*Task instructions*
Your answer must be the full listing, reproduced exactly, minus any pictures.

*Given records*
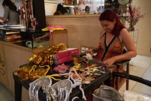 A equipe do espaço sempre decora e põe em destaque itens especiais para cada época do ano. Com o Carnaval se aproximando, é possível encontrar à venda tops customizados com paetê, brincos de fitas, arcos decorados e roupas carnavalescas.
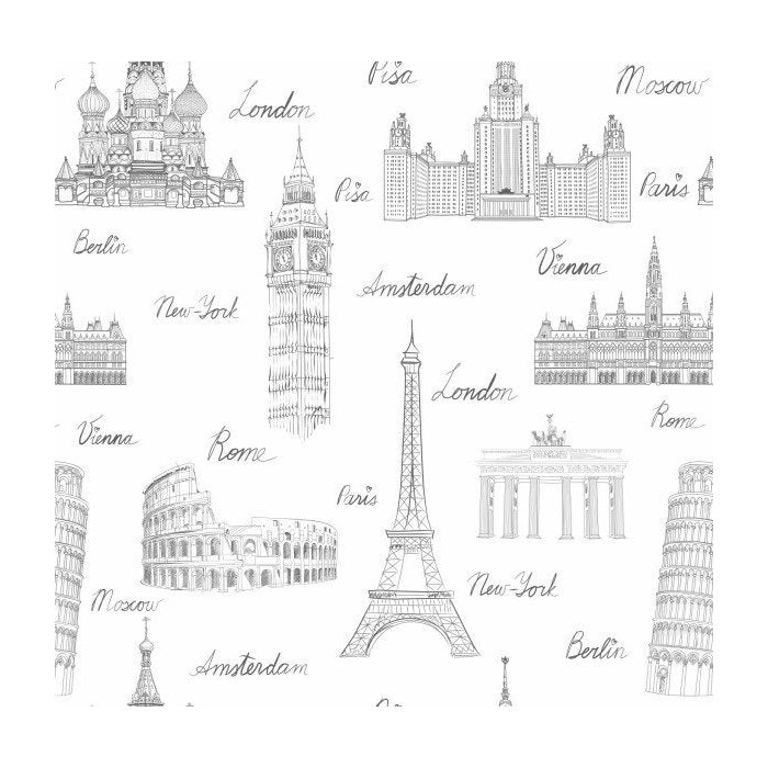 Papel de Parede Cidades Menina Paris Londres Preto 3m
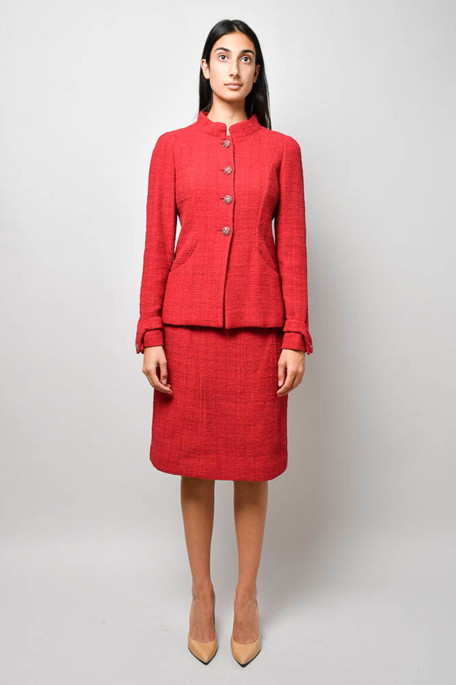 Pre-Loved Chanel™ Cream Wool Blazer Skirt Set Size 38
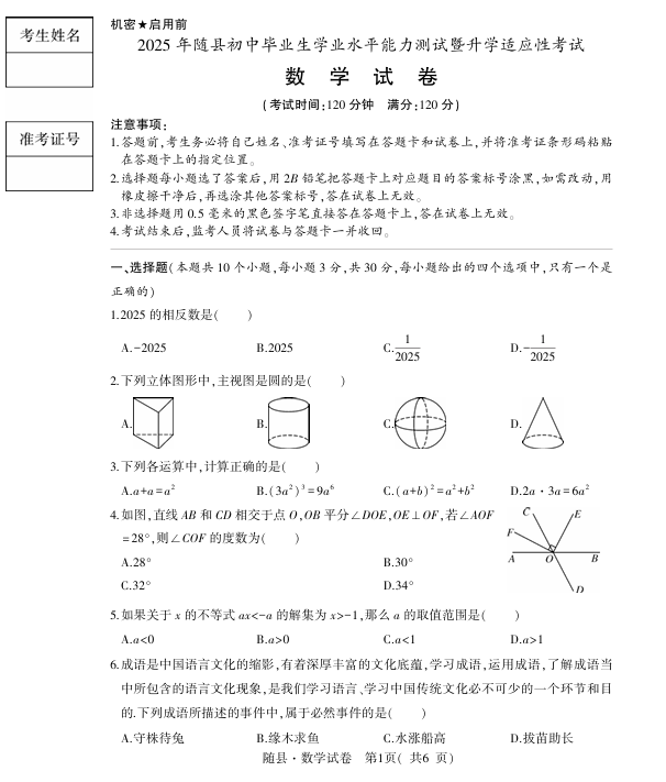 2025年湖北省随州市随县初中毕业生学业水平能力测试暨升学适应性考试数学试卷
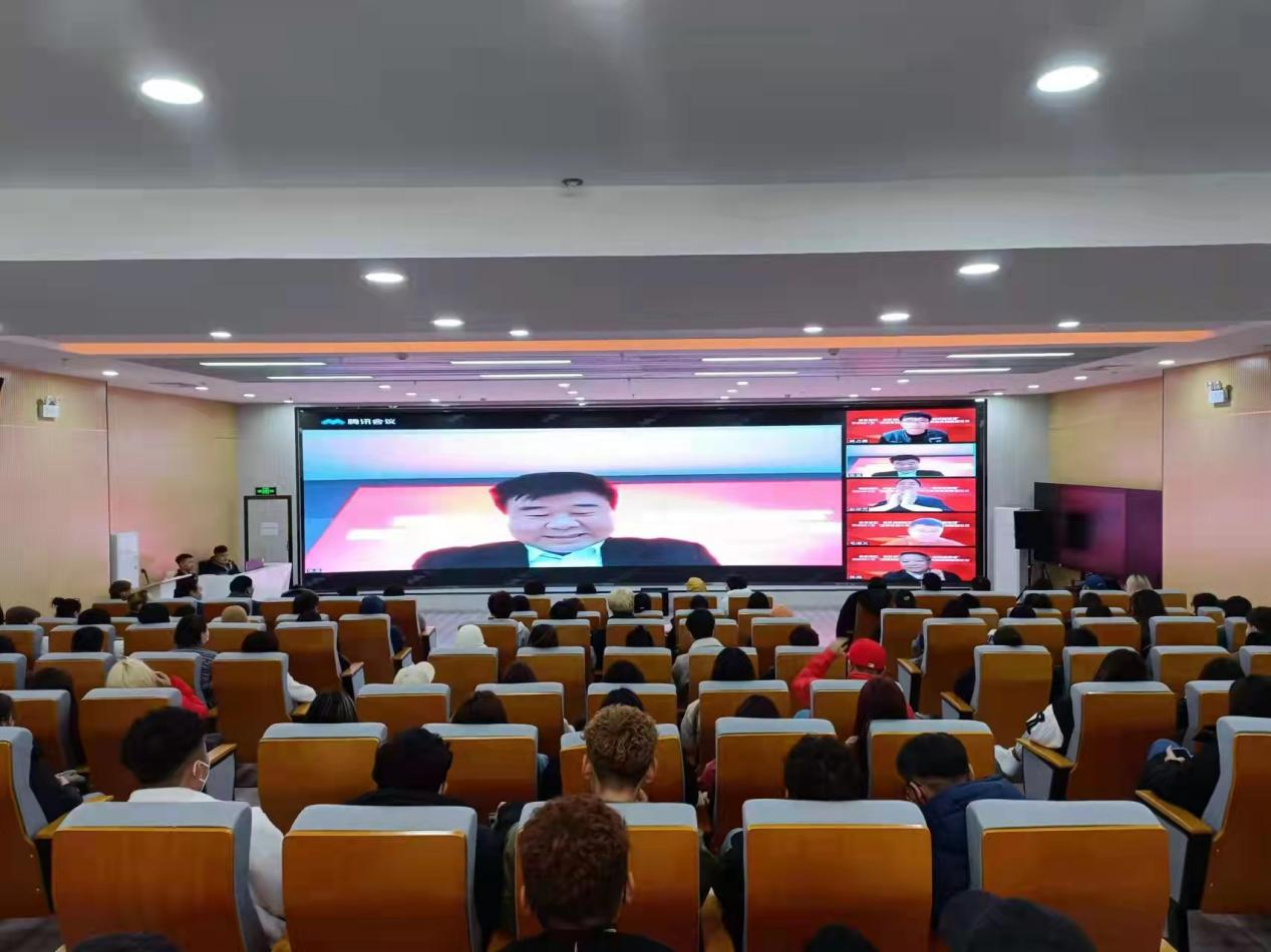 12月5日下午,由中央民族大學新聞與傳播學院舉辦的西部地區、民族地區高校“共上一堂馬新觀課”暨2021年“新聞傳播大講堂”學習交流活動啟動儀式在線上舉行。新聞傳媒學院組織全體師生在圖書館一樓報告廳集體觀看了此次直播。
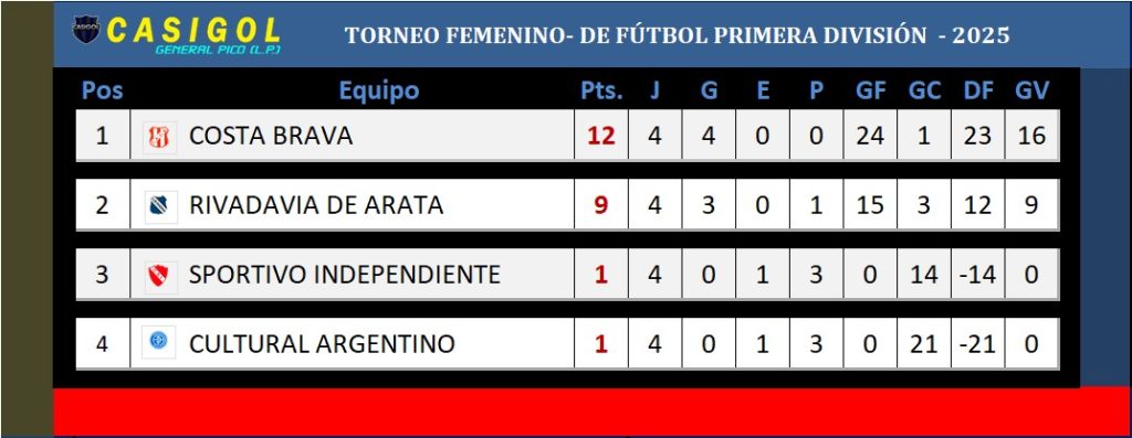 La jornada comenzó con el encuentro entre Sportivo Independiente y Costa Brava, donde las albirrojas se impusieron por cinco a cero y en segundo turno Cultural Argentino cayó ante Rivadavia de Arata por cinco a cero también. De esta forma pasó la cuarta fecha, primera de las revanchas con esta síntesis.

*Expected answer*
 A equipe do espaço sempre decora e põe em destaque itens especiais para cada época do ano. Com o Carnaval se aproximando, é possível encontrar à venda tops customizados com paetê, brincos de fitas, arcos decorados e roupas carnavalescas.
 Papel de Parede Cidades Menina Paris Londres Preto 3m
 Pre-Loved Chanel™ Cream Wool Blazer Skirt Set Size 38
 2025年湖北省随州市随县初中毕业生学业水平能力测试暨升学适应性考试数学试卷
 12月5日下午,由中央民族大學新聞與傳播學院舉辦的西部地區、民族地區高校“共上一堂馬新觀課”暨2021年“新聞傳播大講堂”學習交流活動啟動儀式在線上舉行。新聞傳媒學院組織全體師生在圖書館一樓報告廳集體觀看了此次直播。
 La jornada comenzó con el encuentro entre Sportivo Independiente y Costa Brava, donde las albirrojas se impusieron por cinco a cero y en segundo turno Cultural Argentino cayó ante Rivadavia de Arata por cinco a cero también. De esta forma pasó la cuarta fecha, primera de las revanchas con esta síntesis.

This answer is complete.